Permacrisis year leaves tech workers distracted and careless

Tech workers are nearly twice as likely as those in other industries to find distractions make it hard to care about their jobs, and are more than three times as likely to do the bare minimum around security, according to new research.

The data emerged in security and privacy company 1Password’s annual State of Access Report, Distraction on overdrive: Security in a time of permacrisis, based on a survey of 2,000 North American workers. The report explores employees' sentiments and behaviours around cybersecurity and other critical aspects of modern work amid persistent global crises this year, coined 'permacrisis.' 

The findings reveal that sustained burnout, now paired with high levels of distraction, has critical implications for workplace security.

"While we hope the worst of the pandemic is behind us, world events continue to unsettle and distract employees. Mishaps are inevitable – it's not a case of if world distractions will make employees more vulnerable to human error, it's a matter of when," says Jeff Shiner, CEO of 1Password. 

"That's why it's vital that businesses take security off people's plates by implementing seamless systems that eliminate the need for human action. The easier we can make security, the less it will become yet another distraction. It's a win-win for employees and companies."

Workers have faced what can feel like an avalanche of crises and concerns over the past year, say 1Password. From the COVID-19 pandemic to the rapid changes in the financial markets and inflation, workers conveyed a vivid picture of their distraction on overdrive, with 53 per cent related to economic or monetary concerns.

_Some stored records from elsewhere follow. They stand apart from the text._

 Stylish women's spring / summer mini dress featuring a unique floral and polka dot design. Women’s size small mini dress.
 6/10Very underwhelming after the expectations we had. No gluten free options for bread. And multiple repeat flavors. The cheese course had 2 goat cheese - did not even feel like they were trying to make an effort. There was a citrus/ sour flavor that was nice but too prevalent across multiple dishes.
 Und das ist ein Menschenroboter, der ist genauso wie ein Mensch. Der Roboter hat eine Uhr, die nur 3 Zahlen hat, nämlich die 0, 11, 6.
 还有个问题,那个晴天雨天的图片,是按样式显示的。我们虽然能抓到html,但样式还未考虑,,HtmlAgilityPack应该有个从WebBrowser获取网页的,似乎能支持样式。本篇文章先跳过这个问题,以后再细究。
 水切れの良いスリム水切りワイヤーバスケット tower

• Unprecedented stress: 4 in 5 employees (79 per cent) feel distracted on a typical work day, with 1 in 3 employees (32 per cent) saying they're the most stressed they've ever been in their lives.
• A perfect storm: Top distractions include the Covid-19 pandemic (44 per cent), recession/inflation (42 per cent), economic uncertainty (38 per cent), gas prices (34 per cent), and personal relationships (29 per cent).
• Missing motivation: More than 1 in 4 employees (26 per cent) say that distractions from world events make it hard to care about their job. This has major repercussions for enterprise security, with distracted workers more than twice as likely as others to do only the bare minimum for security at work (24 per cent vs. 10 per cent).

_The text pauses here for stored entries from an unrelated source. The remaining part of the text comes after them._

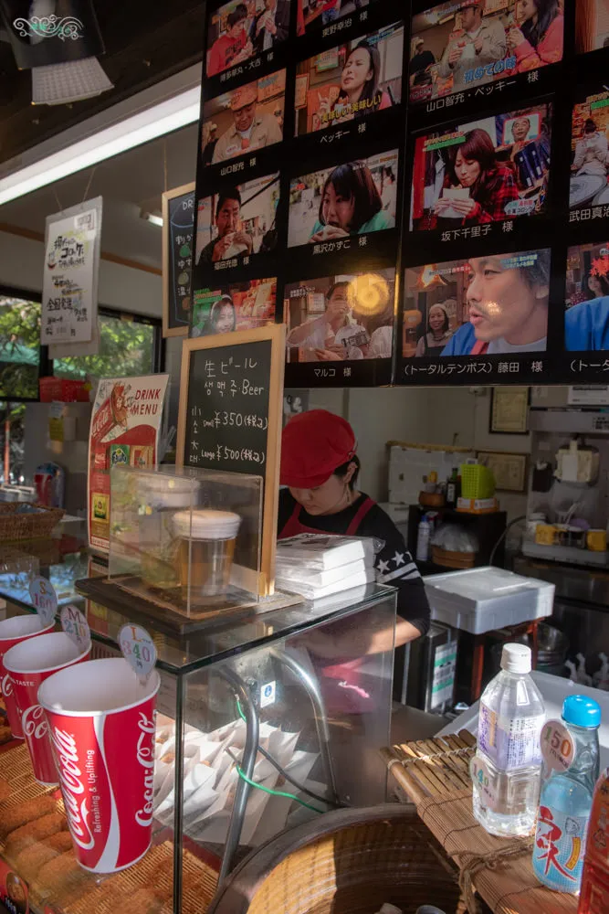 之前看過食尚玩家介紹這家金賞コロッケ可樂餅,當時就覺得很不錯,此次九州行行前特地查了些資料,這間基本上是大家激推啊。剛到的時候,隊伍還有點長,所以我們選擇繼續前行,回程再過來。回程再來前面就只有一組顧客。金賞コロッケ可樂餅可選擇的口味眾多,有馬鈴薯、牛肉、豬肉、雞肉、章魚、蟹奶油、奶酪、咖哩等等,上頭還有中、英、日、韓四種語言標示,相當貼心。女王一時之間還無法抉擇要選哪一種,除了可樂餅還有販售大分名物雞肉串跟冰淇淋,最後我跟女王選擇了金賞可樂餅與原味可樂餅,才結完帳後面又排了好幾位客人,人氣真的很高。
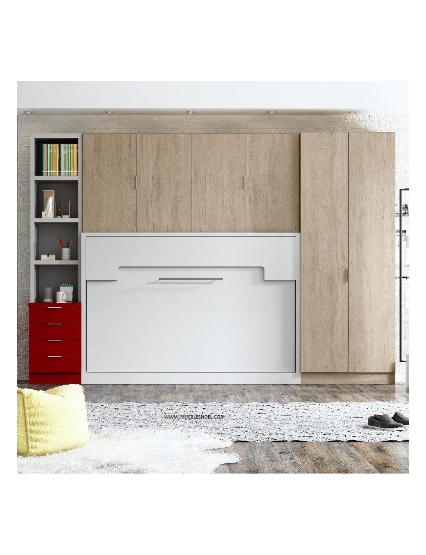 La cama litera plegable horizontal blanca que ofrecemos por 2583€, es apta para sujetar en paredes con pladur, es para colchones de 105 x 190 cm y arriba de 90 x 190 cm, está fotografiada en rojo, acacia y blanco. Camas. Mide 143,5 cm de alto por 208,5 de largo por 52 cm de fondo y abierta 133 cm. Dispone de sistema de apertura automático de patas en la cama baja. Incluye 2 quitamiedos de serie.
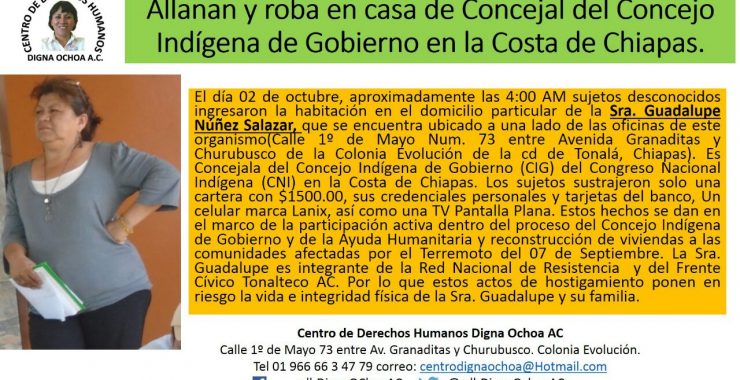 Tonalá, Chiapas a 03 de Octubre de 2017 AU-01 El día 02 de Octubre de 2017, aproximadamente a las 4:00 AM personas desconocidas allanaron y sustrajeron pertenecías en el domicilio particular…
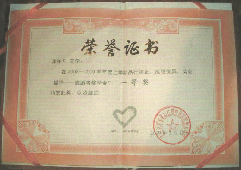 外孙女曹晓群继承外公遗志,大学毕业后志愿去云南边疆支教一年, 并用自己得到的报酬在当地设立“锡华—志愿者奖学金”奖励优秀学生。这是奖学金的证书。
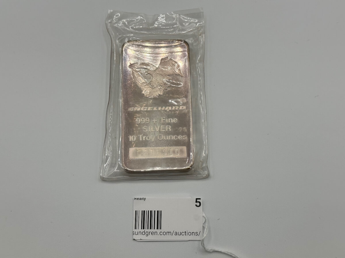 5 Silver Bar-Engelhard, 999+ Fine Silver 10 Troy Ounces, C836910

Despite high-profile breaches and ransomware attacks generating splashy media headlines weekly, silver linings are evident amid the chaos. Awareness of cyberthreats is increasing, and security automation and systems are making headway, counterbalancing human shortcomings around security.

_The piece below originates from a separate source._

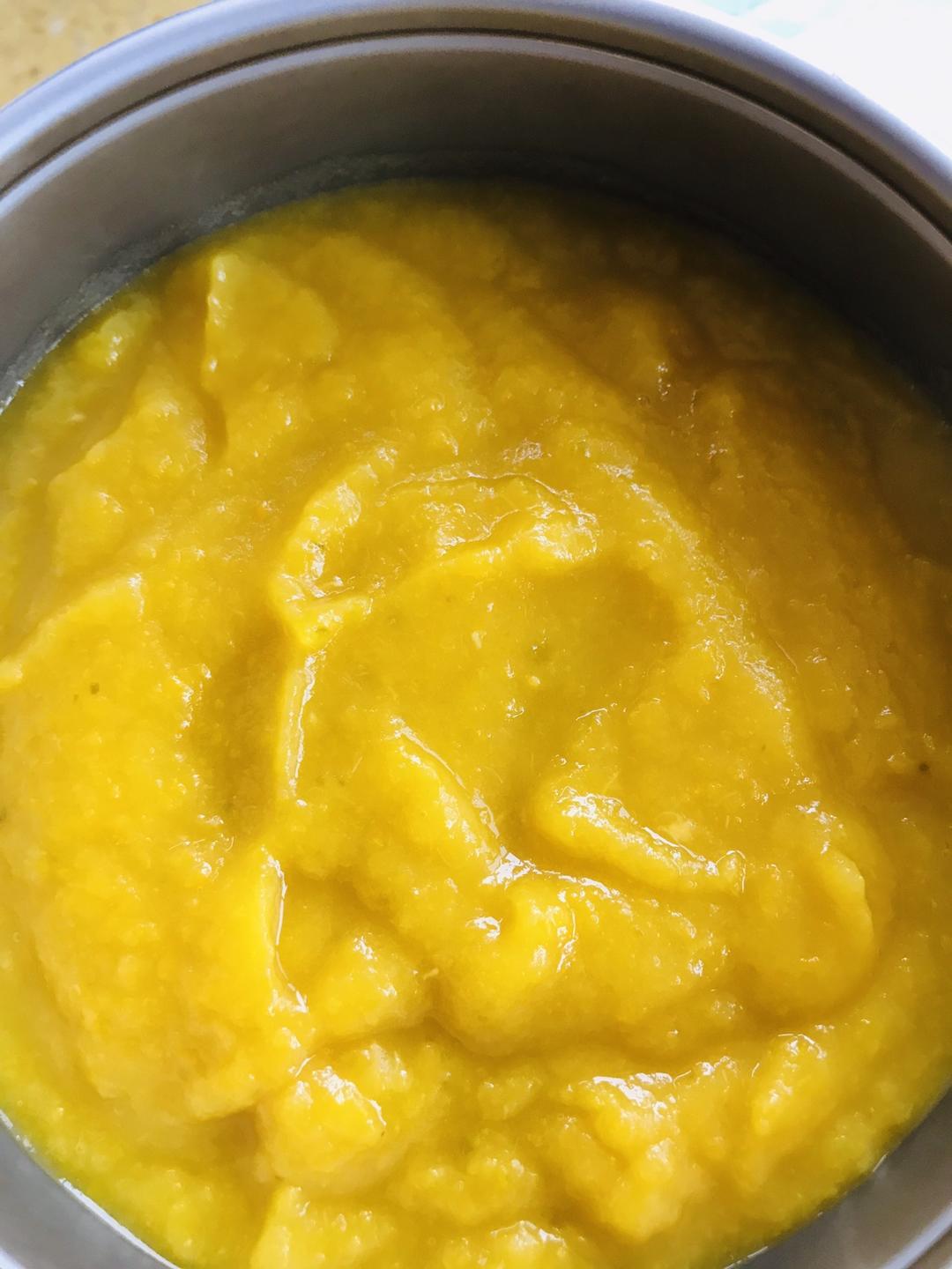 - 打好的蘋果南瓜泥放涼後即可餵食寶寶。

• Rising awareness: 3 in 4 employees (76 per cent) are aware their individual actions have an impact on their company's overall security, and 82 per cent would care if they caused a security breach.
• Trusted tools: Nearly 9 in 10 employees (89 per cent) now use authentication products or services such as two-factor (2FA) or multi-factor authentication (MFA), biometrics, password managers and single sign-on.
• Mythbusting: complexity ≠ security: There's a misperception that if security is too easy, it's not safe. Employees are three times as likely to trust two-factor or multi-factor authentication as they are to trust single sign-on (65 per cent vs. 19%).

Notable security improvements have been made recently, but our research shows that bad security hygiene persists in the modern workplace. Poor password habits are still prevalent, and 50 per cent of employees say the biggest threat their company faces is the prospect of employees falling for scams or phishing attempts.

• Senior security snafus: Poor password hygiene is notably worse among employees at the level of director and above, with 49 per cent using personal identifiers in their passwords.
• Password reuse: Despite knowing the risks associated, 1 in 3 employees (34 per cent) reuse passwords.
• Same device, different gig: One in 10 workers (10 per cent) have used their work computers or devices for a side gig or another job – and tech workers are even worse (19 per cent) – making companies increasingly vulnerable to security risks.

Workers in the tech, IT and telecom industries reported being far more distracted than their non-tech counterparts. Tech workers are nearly twice as likely as others to say distractions make it hard to care about their jobs, and are more than three times as likely to do the bare minimum around security.

• Domino effect: Nearly half (46 per cent) of tech industry workers say that distractions from world events make it hard to care about their jobs – compared to 23 per cent of other employees in other industries.
• Distraction dependency: 39 per cent of tech industry workers say their coworkers are less productive at work because they're distracted by world events – nearly twice as much as workers in other industries (20 per cent).
• Phoning it in with workplace security: 36 per cent of tech industry workers say they only do the bare minimum when it comes to security at work – compared to 11 per cent of employees in other industries.

"Every crisis creates an opportunity for criminals to exploit victims via social engineering as they take advantage of psychological weaknesses,” says Troy Hunt, Strategic Advisor at 1Password and founder of Have I Been Pwned. “Many of the traditional human vulnerabilities are at greater risk in a time of permacrisis; curiosity, the power of authority figures, manufactured urgency, greed and other weaknesses will continue to be used to the attackers' advantage. 

“As the level of sophistication increases, even the most tech-savvy of us can fall victim to a well-crafted attack, and it's our job in the industry to build more resilient systems and tools."